A number of readers have offered similar observations about a number of other groups. But none of it is scientific or conclusive and, unless such studies are done, it never will be.
"We'd definitely want to look at a population within the United States of America because that's most relevant to us," Lynn said. "When you start looking at populations from other countries, you've got all kinds of other factors that we can't imagine."
Lynn said that absent such convincing information, she is willing to err on the side of caution and ban thimerosal from childhood vaccines.
"I read the science and read the experience of these parents and I realized, you know what, there really could be something here. And thimerosal is a poison. There is a skull and crossbones on that bottle. There's no reason to have that in there -- so let's take it out."
Lynn's interest in the issue stems from personal experience. Her son, Michael, was diagnosed with ADHD -- attention deficit hyperactivity disorder -- at age 3; their doctor said they would have to wait till he was 6 to put him on Ritalin.
"I said why wait? I'm going crazy," she recounted. Researching the subject on her own, she came across the controversial Feingold Diet that eliminates various foods including those with artificial colors, flavors or preservatives. "I put him on the diet 100 percent and in three days, to my own astonishment, I had a normal little boy.

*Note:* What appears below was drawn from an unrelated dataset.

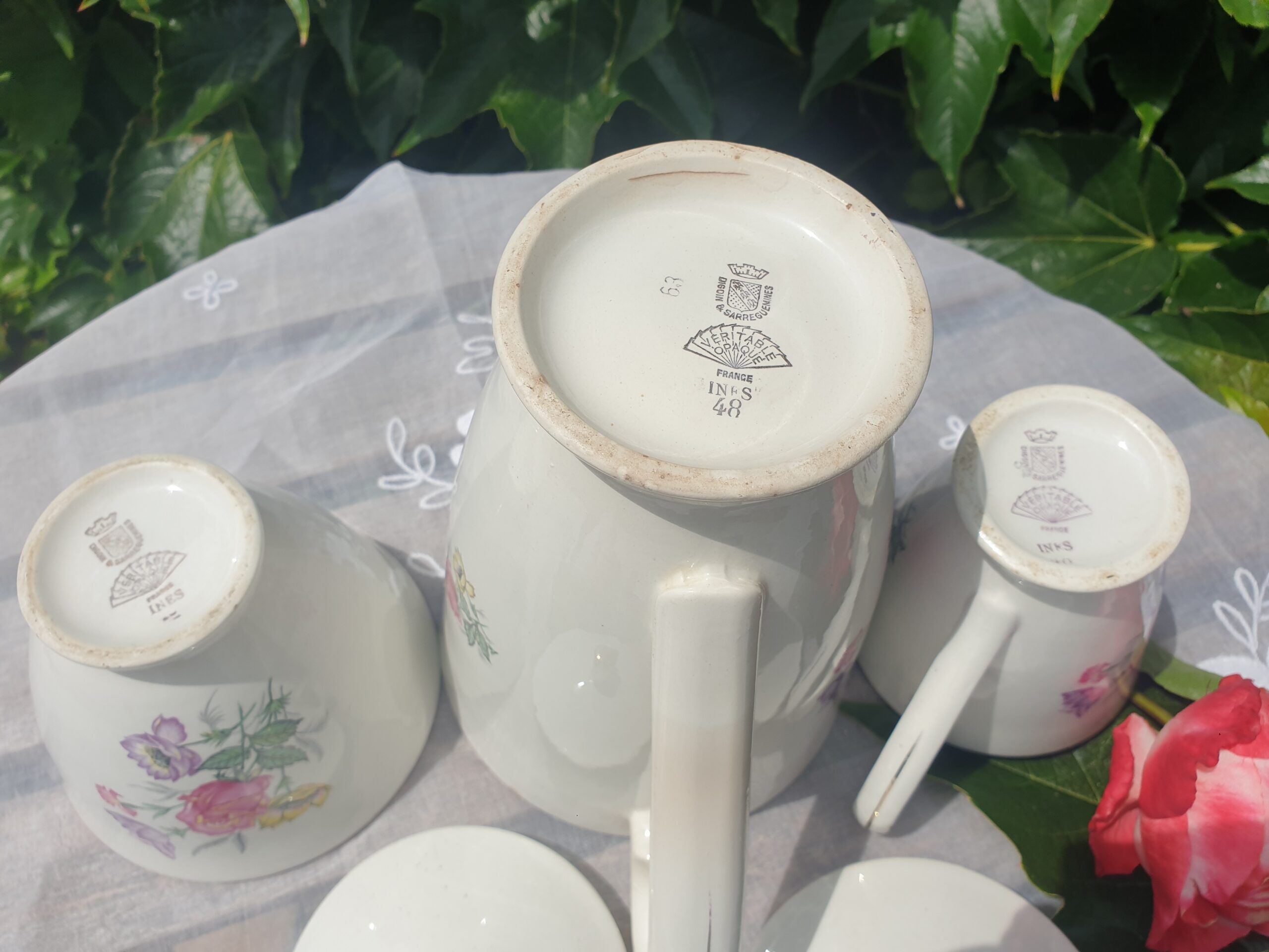 Fabriquées en faïence de qualité, ces pièces portent la signature réputée de Digoin & Sarreguemines, gage de savoir-faire et de tradition. Leur émail brillant met en valeur la finesse du décor floral et les lignes douces du service.

"I was at my doctor when I showed him Michael could now sit still on the examining table instead of being under it and in all the drawers and everything. And I was totally dismissed. So we just agreed to disagree.

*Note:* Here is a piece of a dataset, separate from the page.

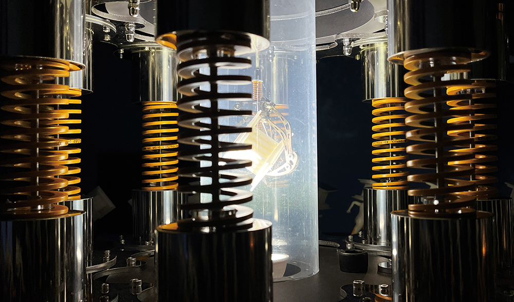 최민규, <무한의 방과 누군가의 궤도>, 2025, 설치 및 비디오, 스테인리스, 3D 프린트, 철판, LED 패널, 모터, 205×230×230cm

"Through the years I have given this information to a lot of parents and it's worked, it's helped them," Lynn said. "I realized there is a tremendous amount we don't know and there is a tremendous amount that doctors for whatever reason dismiss, even though parents will testify to them, 'This has helped my child.'"
Michael spent 10 years on the diet and now, at 21, is doing fine, Lynn said. When the controversy over a possible thimerosal-autism link arose, she learned that some scientists suspect ADHD and autism might be on opposite ends of a spectrum of neurodevelopmental disorders triggered by a toxic exposure. And she said she saw the same pattern of parents being ignored when they said their child had regressed after vaccination -- and in some cases improved dramatically after biomedical treatment.
In 1999 the U.S. Public Health Service and the pediatricians group urged that manufacturers phase out thimerosal in childhood vaccines as soon as possible. But they say scientific evidence now shows thimerosal is not responsible for autism; therefore, banning it ties their hands unnecessarily and injects politics in a medical decision based on "junk science."
Lynn says she can't understand that argument. "I think it would be the best public policy for the state of Tennessee to remove it from children's immunizations. Whether or not it does contribute to mercury toxicity or autism or whatever you want to call it, not giving tiny children and newborn babies a chemical that has a skull and crossbones on the bottle, injected directly into their bloodstream, can't be a bad thing."
Lynn also questions whether thimerosal is actually out of all routine childhood immunizations (it remains in most flu vaccines, which the Centers for Disease Control and Prevention now recommends for pregnant women and for infants 6 to 23 months old).
She said a Tennessee mother testified at a legislative hearing that her son received an immunization that contained thimerosal on May, 21, 2004. "He suffered immediate effects from that and was diagnosed with autism and he's being treated now and he is coming around," Lynn said.
Six states -- including California, New York and Illinois -- have banned thimerosal in childhood vaccines. Lynn said she is now canvassing them to determine whether the ban has caused problems.